With 2023 well underway, here's a look back at what the Chrome Security team got up to in the last quarter of last year.


After multiple years of laying policy and engineering groundwork, Chrome’s built-in certificate verifier and root store launched on Chrome for Windows and Mac – bringing both security and performance benefits. Chrome’s recently launched root program governs the certificates that are included in the root store, and this quarter we continued to refine Chrome’s root program policies and improve workflows for CA applicants, particularly through Common CA Database integration. To help keep users safe and ensure the integrity of certificates accepted by Chrome, we announced that Chrome will no longer trust the TrustCor CA as of Chrome 111.


Want more HTTPS in your life? On Canary and Dev, you can now enable the #https-upgrades and #https-first-mode-v2 at chrome://flags to tell Chrome to automatically attempt all your navigations over HTTPS. You can also enable #block-insecure-downloads to protect yourself from any download delivered over an insecure connection.


We’ve been working to bring Chrome for iOS users the same transport security features as Chrome has on other platforms, with HTTPS-First Mode, omnibox HTTPS upgrading, and mixed content autoupgrading all in various stages of launch on Chrome for iOS.


We shipped iframe credentialless in Chrome 110, allowing developers to easily embed iframe in COEP environments, even if they don’t deploy COEP themselves.


We started applying Private Network Access checks to web workers. Currently, they only trigger warnings, except for fetches within dedicated workers in insecure contexts. We are looking at launching enforcement when we better understand metrics.


The deprecation of document.domain — enabling origin-based Agent Clustering by default — is still on track. We are receiving a low-frequency stream of issues around the deprecation, as site owners notice document.domain is going away. We're working through these, and so far nothing appears to be blocking. With a bit of luck we will be able to finish this on the current schedule, in Chrome 112 or 113.
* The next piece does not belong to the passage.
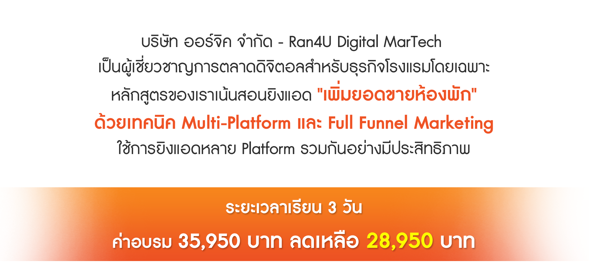 เนื้อหาอบรมหลักทั้งหมด ใช้เวลาอบรม 6 วัน เต็ม เน้น Workshop ลงมือทำจริงตลอดการอบรม รอบเดือน กุมภาพันธ์ (เต็มแล้ว) รอบเดือน มีนาคม (เต็มแล้ว) รอบเดือน เมษายน (เต็มแล้ว) รอบเดือน กันยายน (เต็มแล้ว) รอบเดือน ตุลาคม (เต็มแล้ว) รอบเดือน พฤศจิกายน (เต็มแล้ว) รอบเดือน ธันวาคม (เต็มแล้ว) รอบเดือน มกราคม (เหลือ 2 ที่สุดท้าย) รอบมีนาคม เรียนวัน เสาร์ อาทิตย์ จันทร์ รวมทั้งหมด 6 วัน (เต็มแล้ว) - ค่าลงทะเบียนราคาพิเศษ 35,900 บาท ลดจากปกติ 45,900 บาท วันที่ 1 - วันเสาร์ที่ 13 มีนาคม 2564 เวลา 10.00-18.00 น. วันที่ 2 - วันอาทิตย์ที่ 14 มีนาคม 2564 เวลา 10.00-18.00 น. วันที่ 3 - วันจันทร์ที่ 15 มีนาคม 2564 เวลา 10.00-18.00 น. วันที่ 4 - วันเสาร์ที่ 27 มีนาคม 2564 เวลา 10.00-18.00 น. วันที่ 5 - วันอาทิตย์ที่ 28 มีนาคม 2564 เวลา 10.00-18.00 น. วันที่ 6 - วันจันทร์ที่ 29 มีนาคม 2564 เวลา 10.00-18.00 น. สามารถเลือกเรียน แบ่งเรียนแค่ 3 วันได้ A. เลือกเรียน Google อย่างเดียว 3 วัน 17,950 บาท (เรียนวันที่ 13,14,15 มีนาคม) B. เลือกเรียน Facebook อย่างเดียว 3 วัน 17,950 บาท (เรียนวันที่ 27,28,29 มีนาคม) รอบเมษายน เรียนวัน เสาร์ อาทิตย์ จันทร์ รวมทั้งหมด 6 วัน (เต็มแล้ว) - ค่าลงทะเบียนราคาพิเศษ 35,900 บาท ลดจากปกติ 45,900 บาท วันที่ 1 - วันเสาร์ที่ 24 เมษายน 2564 เวลา 10.00-18.00 น. วันที่ 2 - วันอาทิตย์ที่ 25 เมษายน 2564 เวลา 10.00-18.00 น. วันที่ 3 - วันจันทร์ที่ 26 เมษายน 2564 เวลา 10.00-18.00 น. วันที่ 4 - วันเสาร์ที่ 1 พฤษภาคม 2564 เวลา 10.00-18.00 น. วันที่ 5 - วันอาทิตย์ที่ 2 พฤษภาคม 2564 เวลา 10.00-18.00 น. วันที่ 6 - วันจันทร์ที่ 3 พฤษภาคม 2564 เวลา 10.00-18.00 น. สามารถเลือกเรียน แบ่งเรียนแค่ 3 วันได้ A. เลือกเรียน Google อย่างเดียว 3 วัน 17,950 บาท (เรียนวันที่ 24,25,26 เมษายน) B. เลือกเรียน Facebook อย่างเดียว 3 วัน 17,950 บาท (เรียนวันที่ 1,2,3 พฤษภาคม) รอบพฤษภาคม เรียนวัน เสาร์ อาทิตย์ จันทร์ รวมทั้งหมด 6 วัน (หยุดอบรม) - ค่าลงทะเบียนราคาพิเศษ 35,900 บาท ลดจากปกติ 45,900 บาท วันที่ 1 - วันเสาร์ที่ 22 พฤษภาคม 2564 เวลา 10.00-18.00 น. วันที่ 2 - วันอาทิตย์ที่ 23 พฤษภาคม 2564 เวลา 10.00-18.00 น. วันที่ 3 - วันจันทร์ที่ 24 พฤษภาคม 2564 เวลา 10.00-18.00 น. วันที่ 4 - วันเสาร์ที่ 29 พฤษภาคม 2564 เวลา 10.00-18.00 น. วันที่ 5 - วันอาทิตย์ที่ 30 พฤษภาคม 2564 เวลา 10.00-18.00 น. วันที่ 6 - วันจันทร์ที่ 31 พฤษภาคม 2564 เวลา 10.00-18.00 น. สามารถเลือกเรียน แบ่งเรียนแค่ 3 วันได้ A. เลือกเรียน Google อย่างเดียว 3 วัน 17,950 บาท (เรียนวันที่ 22,23,24 พฤษภาคม) B. เลือกเรียน Facebook อย่างเดียว 3 วัน 17,950 บาท (เรียนวันที่ 29,30,31 พฤษภาคม) หยุดอบรม 4 เดือน รอบตุลาคม เรียนวัน เสาร์ อาทิตย์ จันทร์ รวมทั้งหมด 6 วัน (เต็มแล้ว) - ค่าลงทะเบียนราคาพิเศษ 35,900 บาท ลดจากปกติ 45,900 บาท วันที่ 1 - วันเสาร์ที่ 16 ตุลาคม 2564 เวลา 10.00-18.00 น. วันที่ 2 - วันอาทิตย์ที่ 17 ตุลาคม 2564 เวลา 10.00-18.00 น. วันที่ 3 - วันจันทร์ที่ 18 ตุลาคม 2564 เวลา 10.00-18.00 น. วันที่ 4 - วันเสาร์ที่ 30 ตุลาคม 2564

The first step of moving from CORB to ORB — ORB "v0.1" — is now enabled on 50% of stable, with no reported issues. We'd previously landed a fix for SVG images, and the last known origin mismatches between the browser and renderer processes. This makes us confident that we can launch "v0.2" next, which will change error handling to be conforming to the ORB proposal.


The Chrome Security Architecture team wrapped up 2022 by shipping Site Isolation for <webview> tags, one of the few remaining places on desktop platforms that didn't have locked renderer processes. We also locked third party New Tab Page processes as we got closer to fully enabling "citadel-style" enforcements everywhere, so that unlocked processes won't have any access to protected sites. Finally, we made steady progress on other necessary architecture work, including base URL inheritance, RenderDocument, and SiteInstanceGroup, including support for local frame swaps and speculative RenderViewHosts.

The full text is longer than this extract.